I wound up reworking every word and phrase of this passage, changing Latin words to Anglo-Saxon ones, changing “reappeared” to “came back,” listening for the right sounds, and repeating words for punctuation because I do indeed want you to feel what Adred feels and see what he sees, to feel the weight of the water and to squint at the sunlight — feel the ocean-like strength of life and see it pass before you in those brilliant drops of light:
There was a mist on the waves. The early sunlight played in bars through the mist, falling in bright lines and teasing the waves with flashes of light that jumped everywhere, went away, and came back as though they were alive and dancing. They might have been human thoughts or human souls, those quick, dancing lights on the water, newly awake and joyful.
Still… Adred is looking at the ocean, looking at life, and imagining those bright sparks of light to be lives, here and gone, and shortly he and others on the ship will watch as hundreds of birds dive into the ocean, killing themselves.
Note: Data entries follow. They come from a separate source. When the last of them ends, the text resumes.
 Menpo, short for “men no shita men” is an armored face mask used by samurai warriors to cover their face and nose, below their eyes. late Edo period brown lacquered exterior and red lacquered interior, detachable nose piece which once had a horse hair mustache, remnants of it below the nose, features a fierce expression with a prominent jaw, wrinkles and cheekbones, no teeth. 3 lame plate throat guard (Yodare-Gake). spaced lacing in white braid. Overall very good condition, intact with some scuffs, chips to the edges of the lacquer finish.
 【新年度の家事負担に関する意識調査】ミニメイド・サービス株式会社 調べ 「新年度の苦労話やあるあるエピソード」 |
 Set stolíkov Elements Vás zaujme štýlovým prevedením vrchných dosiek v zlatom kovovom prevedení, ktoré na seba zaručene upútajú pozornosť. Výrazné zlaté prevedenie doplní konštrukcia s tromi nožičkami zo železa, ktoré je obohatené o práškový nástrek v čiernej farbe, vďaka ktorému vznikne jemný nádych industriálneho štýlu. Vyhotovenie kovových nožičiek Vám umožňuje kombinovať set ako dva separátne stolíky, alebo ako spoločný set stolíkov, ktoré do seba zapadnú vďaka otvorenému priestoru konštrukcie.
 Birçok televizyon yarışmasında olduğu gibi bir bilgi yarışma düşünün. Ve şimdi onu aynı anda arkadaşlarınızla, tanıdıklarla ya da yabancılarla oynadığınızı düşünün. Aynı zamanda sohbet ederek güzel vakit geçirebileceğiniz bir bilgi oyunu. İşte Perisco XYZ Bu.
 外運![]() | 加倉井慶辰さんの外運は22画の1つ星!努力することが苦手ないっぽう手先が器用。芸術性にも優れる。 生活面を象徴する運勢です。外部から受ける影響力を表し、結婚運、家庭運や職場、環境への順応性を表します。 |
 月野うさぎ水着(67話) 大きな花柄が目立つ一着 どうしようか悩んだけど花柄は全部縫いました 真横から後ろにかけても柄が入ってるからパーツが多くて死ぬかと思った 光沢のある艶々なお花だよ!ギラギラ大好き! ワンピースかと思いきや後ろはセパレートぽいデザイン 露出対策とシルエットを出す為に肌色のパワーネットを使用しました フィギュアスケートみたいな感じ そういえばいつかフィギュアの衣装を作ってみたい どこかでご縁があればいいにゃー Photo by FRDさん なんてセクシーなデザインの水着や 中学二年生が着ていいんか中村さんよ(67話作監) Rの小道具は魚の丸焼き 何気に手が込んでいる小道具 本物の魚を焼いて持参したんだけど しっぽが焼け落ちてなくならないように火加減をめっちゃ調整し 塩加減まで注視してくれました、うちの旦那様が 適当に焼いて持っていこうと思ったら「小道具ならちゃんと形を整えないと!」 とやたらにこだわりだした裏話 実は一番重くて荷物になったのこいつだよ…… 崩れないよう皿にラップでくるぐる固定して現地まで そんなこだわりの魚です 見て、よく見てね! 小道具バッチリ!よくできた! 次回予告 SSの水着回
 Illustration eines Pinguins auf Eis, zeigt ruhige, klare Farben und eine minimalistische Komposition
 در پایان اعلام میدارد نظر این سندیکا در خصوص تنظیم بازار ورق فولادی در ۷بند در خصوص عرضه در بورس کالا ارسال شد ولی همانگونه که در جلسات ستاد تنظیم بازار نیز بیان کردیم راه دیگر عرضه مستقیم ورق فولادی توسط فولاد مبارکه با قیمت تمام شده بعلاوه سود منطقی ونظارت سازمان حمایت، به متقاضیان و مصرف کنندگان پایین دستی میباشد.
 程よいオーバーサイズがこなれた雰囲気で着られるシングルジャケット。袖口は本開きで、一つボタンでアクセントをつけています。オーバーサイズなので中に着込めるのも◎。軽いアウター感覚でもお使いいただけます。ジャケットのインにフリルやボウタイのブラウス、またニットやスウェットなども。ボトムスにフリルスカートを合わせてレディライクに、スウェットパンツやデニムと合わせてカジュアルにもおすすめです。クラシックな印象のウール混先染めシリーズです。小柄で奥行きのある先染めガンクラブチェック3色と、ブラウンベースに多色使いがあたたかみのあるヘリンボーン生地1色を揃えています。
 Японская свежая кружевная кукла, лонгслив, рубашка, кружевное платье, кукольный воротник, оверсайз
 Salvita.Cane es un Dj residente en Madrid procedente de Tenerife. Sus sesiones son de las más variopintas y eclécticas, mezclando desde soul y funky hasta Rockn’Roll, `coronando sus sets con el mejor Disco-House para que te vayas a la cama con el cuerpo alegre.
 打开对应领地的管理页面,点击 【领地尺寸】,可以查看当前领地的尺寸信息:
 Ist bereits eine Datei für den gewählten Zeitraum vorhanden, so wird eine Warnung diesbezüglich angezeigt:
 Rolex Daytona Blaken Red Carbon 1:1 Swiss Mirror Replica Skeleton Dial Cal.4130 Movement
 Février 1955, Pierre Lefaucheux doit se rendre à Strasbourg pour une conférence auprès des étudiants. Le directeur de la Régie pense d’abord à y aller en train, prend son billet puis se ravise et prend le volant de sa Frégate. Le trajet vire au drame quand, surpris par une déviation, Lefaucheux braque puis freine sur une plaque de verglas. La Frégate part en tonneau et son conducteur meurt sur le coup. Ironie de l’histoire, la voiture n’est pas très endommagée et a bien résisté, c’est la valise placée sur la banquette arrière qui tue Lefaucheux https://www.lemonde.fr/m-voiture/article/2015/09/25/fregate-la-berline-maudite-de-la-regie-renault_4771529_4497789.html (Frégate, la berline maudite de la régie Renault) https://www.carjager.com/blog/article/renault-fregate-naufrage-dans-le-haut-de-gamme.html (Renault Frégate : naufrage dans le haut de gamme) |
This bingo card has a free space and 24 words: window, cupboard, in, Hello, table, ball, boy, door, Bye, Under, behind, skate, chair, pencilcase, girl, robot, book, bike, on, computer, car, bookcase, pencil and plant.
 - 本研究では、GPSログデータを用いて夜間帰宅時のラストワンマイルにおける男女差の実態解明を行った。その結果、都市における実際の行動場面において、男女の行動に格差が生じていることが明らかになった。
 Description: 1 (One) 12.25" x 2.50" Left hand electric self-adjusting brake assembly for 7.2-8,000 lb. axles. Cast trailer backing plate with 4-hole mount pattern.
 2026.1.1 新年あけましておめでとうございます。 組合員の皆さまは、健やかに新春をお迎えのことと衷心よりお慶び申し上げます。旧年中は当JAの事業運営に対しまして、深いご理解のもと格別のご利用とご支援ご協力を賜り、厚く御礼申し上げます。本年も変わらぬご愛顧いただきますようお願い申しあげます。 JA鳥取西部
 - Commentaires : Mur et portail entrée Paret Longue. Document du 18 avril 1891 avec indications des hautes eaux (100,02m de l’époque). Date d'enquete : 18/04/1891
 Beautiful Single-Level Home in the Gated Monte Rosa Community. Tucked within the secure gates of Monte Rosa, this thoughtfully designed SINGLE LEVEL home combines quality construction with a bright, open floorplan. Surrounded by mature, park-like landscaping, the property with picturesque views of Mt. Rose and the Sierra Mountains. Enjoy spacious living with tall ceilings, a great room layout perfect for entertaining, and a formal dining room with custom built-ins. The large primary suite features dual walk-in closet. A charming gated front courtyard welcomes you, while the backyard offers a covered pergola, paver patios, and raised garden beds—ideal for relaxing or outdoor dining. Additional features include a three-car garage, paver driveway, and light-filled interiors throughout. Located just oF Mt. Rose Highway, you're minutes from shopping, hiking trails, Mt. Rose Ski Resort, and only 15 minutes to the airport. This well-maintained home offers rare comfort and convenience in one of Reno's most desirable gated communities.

Already, the natural world has sensed the destruction coming, the deluge that will submerge many living things and swallow many lives the way the waves swallowed those birds. We have our foreshadowing. We know what life is about, and it is brief and bright and then taken away.
One other passage that I was eager to modify appears in the second volume, just before the prophet Asawas is arrested. I used, as a model for this scene of his preaching, the Nazarene’s “wars and rumors of wars” declaration in the King James version of the Christian Bible. This was a mistake on my part. I was in haste and I justified my paraphrase of the Nazarene’s words by telling myself that this language could be accepted generally or universally, rather than being of a culturally specific setting.
Clearly my doing so was an error. So now I have been able to replace those passages with a message that truly is universal, I hope — that being, whether we should regard others as mere things or fully, as other living human beings. This philosophy is one I have made my own, and I try hard to live by it.
Thus, I have at last been able to revise my forgotten trilogy and offer it again to readers courtesy of John Betancourt of Wildside Press and Rob Reginald of Borgo Press. I am extremely grateful to my friend Ted Rypel for suggesting that I contact the Wildside Press; to Dr. Fred Adams for his superb and insightful preface; to my wife, Janine, for the excellent maps she created of these lost empires; and to John and Rob, of course, for providing this opportunity to see the trilogy reprinted.
This article also appears as the Afterword to The Passing of the Gods, published 2013 by Borgo Press.